You can inspect the python notebook files as an example of how things are done, otherwise you can run the generate.py
script specifying generation arguments. Example:
python generate.py \
--period 16 \
--basedir /dust/btaggingEffMaps \
--algo DeepJet \
--working-point medium \
--eta-bins 0. 0.6 1.2 2.4 \
--pt-min 20. \
--pt-max 1000. \
--pt-max-thr 0.001 \
--step-size 5. \
--unc-stop 0.3 \
--unc-increase 0.0002 \
--output-path ./output
For and APV dataset you can specify the --apv
argument as following:
python generate.py \
--period 16 \
--basedir /dust/btaggingEffMaps \
--apv \
--algo DeepJet \
--working-point medium \
--eta-bins 0. 0.6 1.2 2.4 \
--pt-min 20. \
--pt-max 1000. \
--pt-max-thr 0.001 \
--step-size 5. \
--unc-stop 0.3 \
--unc-increase 0.0002 \
--output-path ./output
It is also possible to limit the number of events that are going to be swept using --max-events
argument as following:
python generate.py \
--period 16 \
--basedir /dust/btaggingEffMaps \
--apv \
--algo DeepJet \
--working-point medium \
--eta-bins 0. 0.6 1.2 2.4 \
--pt-min 20. \
--pt-max 1000. \
--pt-max-thr 0.001 \
--step-size 5. \
--unc-stop 0.3 \
--unc-increase 0.0002 \
--output-path ./output \
--max-events 2000
Using -1
will consider all available events in the dataset.

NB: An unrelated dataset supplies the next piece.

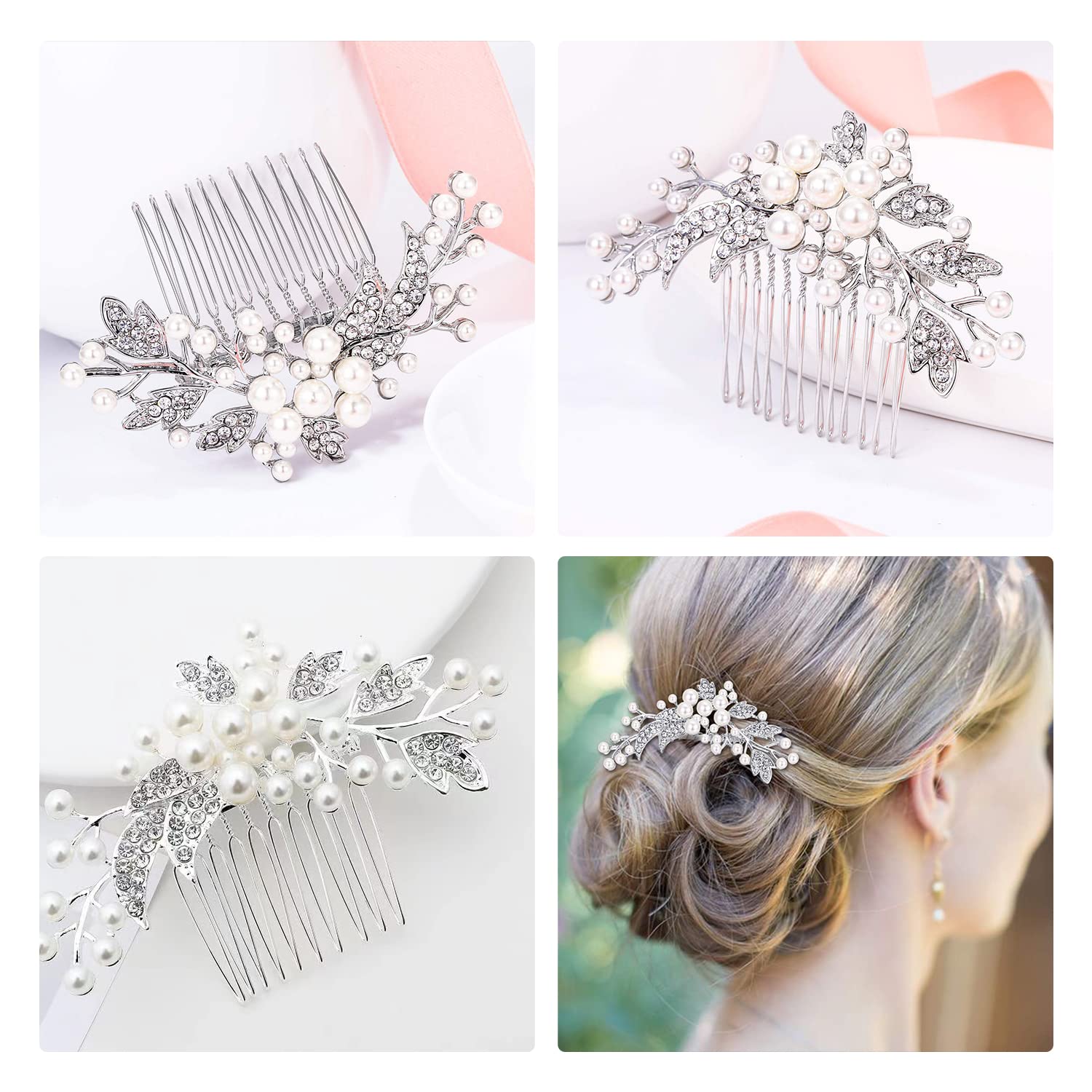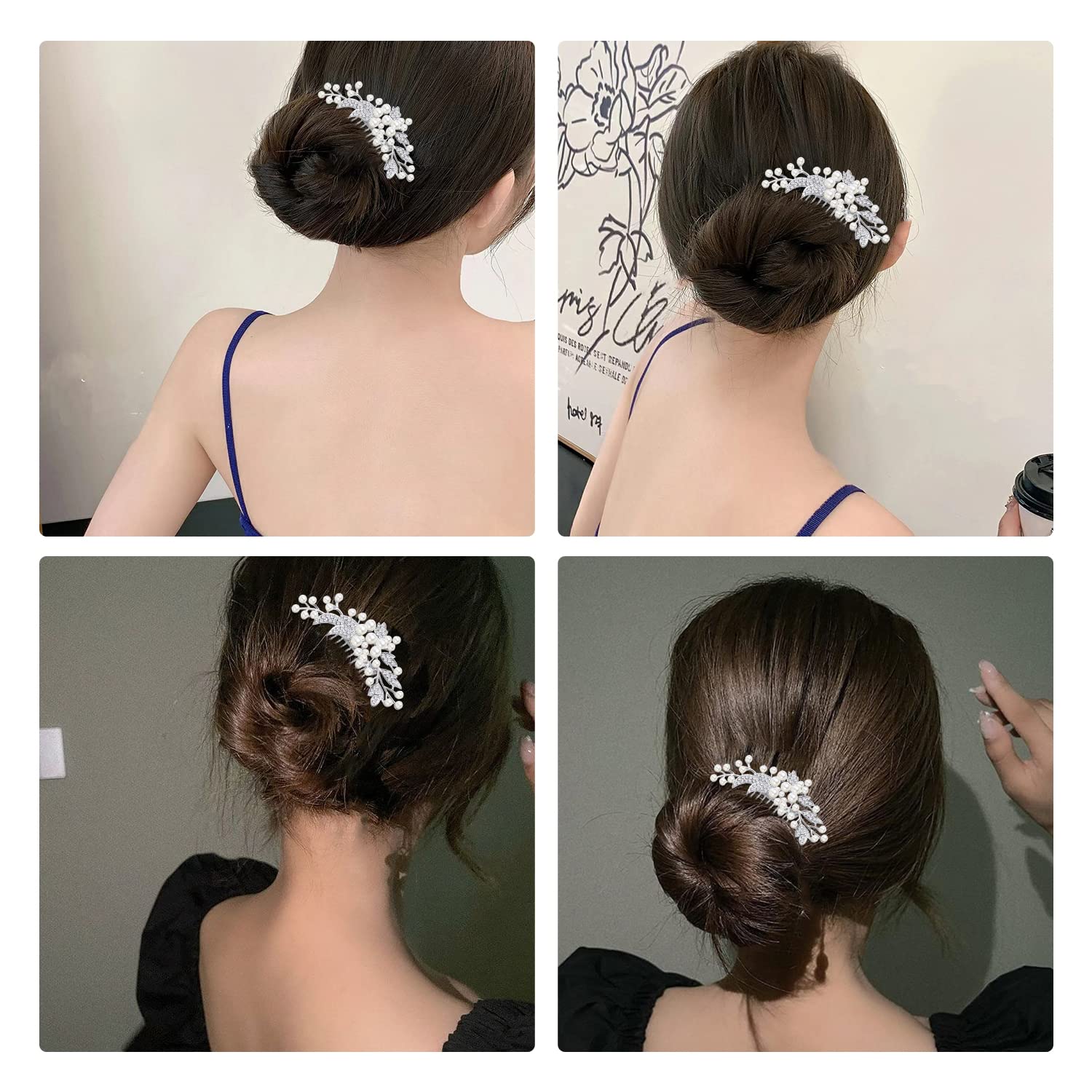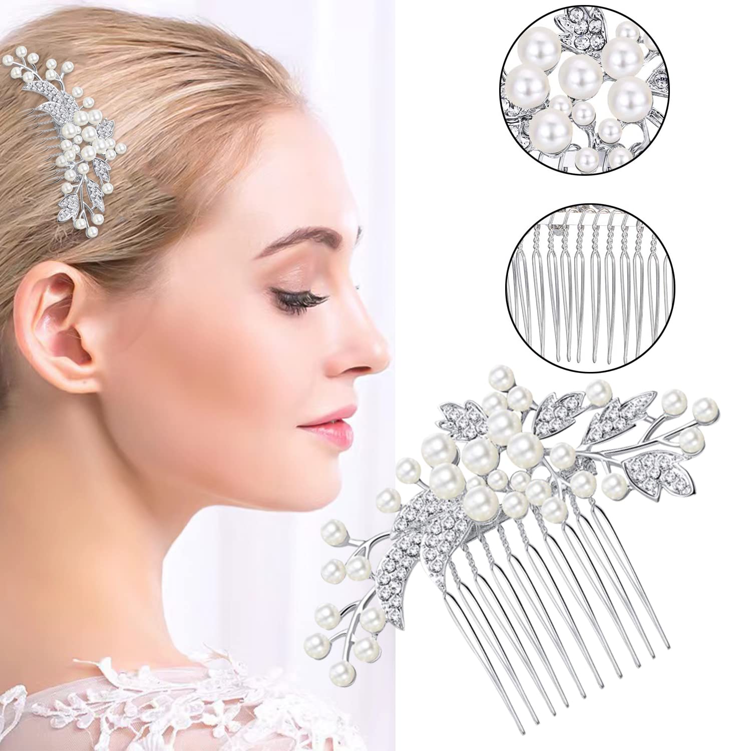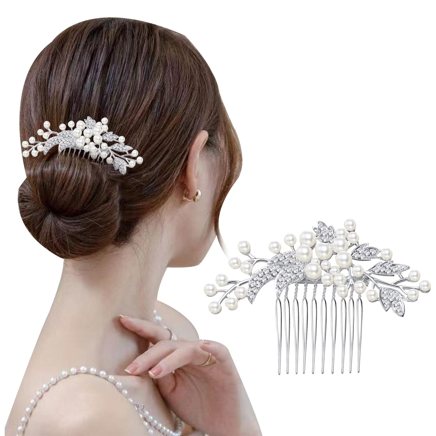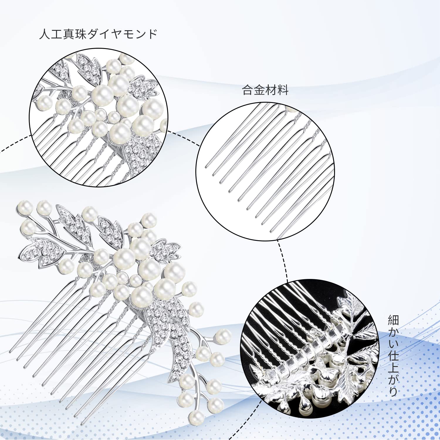 Doyime パール ヘアー コーム 髪飾り かんざし 結婚式 着物 成人式 発表会 入学式 卒業式 ウェディング 披露宴 和装 洋装 まとめ髪 着物 振袖 留袖 シルバー

When specifying the argument --not-find-best-unc
the code will not try to adjust the best maximum uncertainty allowed for each dataset, this optimization depends heavily on available statistics and will slow down code execution if turned on (default). Be aware that optimizing maximum allowed uncertainty impacts heavily on effiency maps shape which can be seen in efficiency per eta bin plots.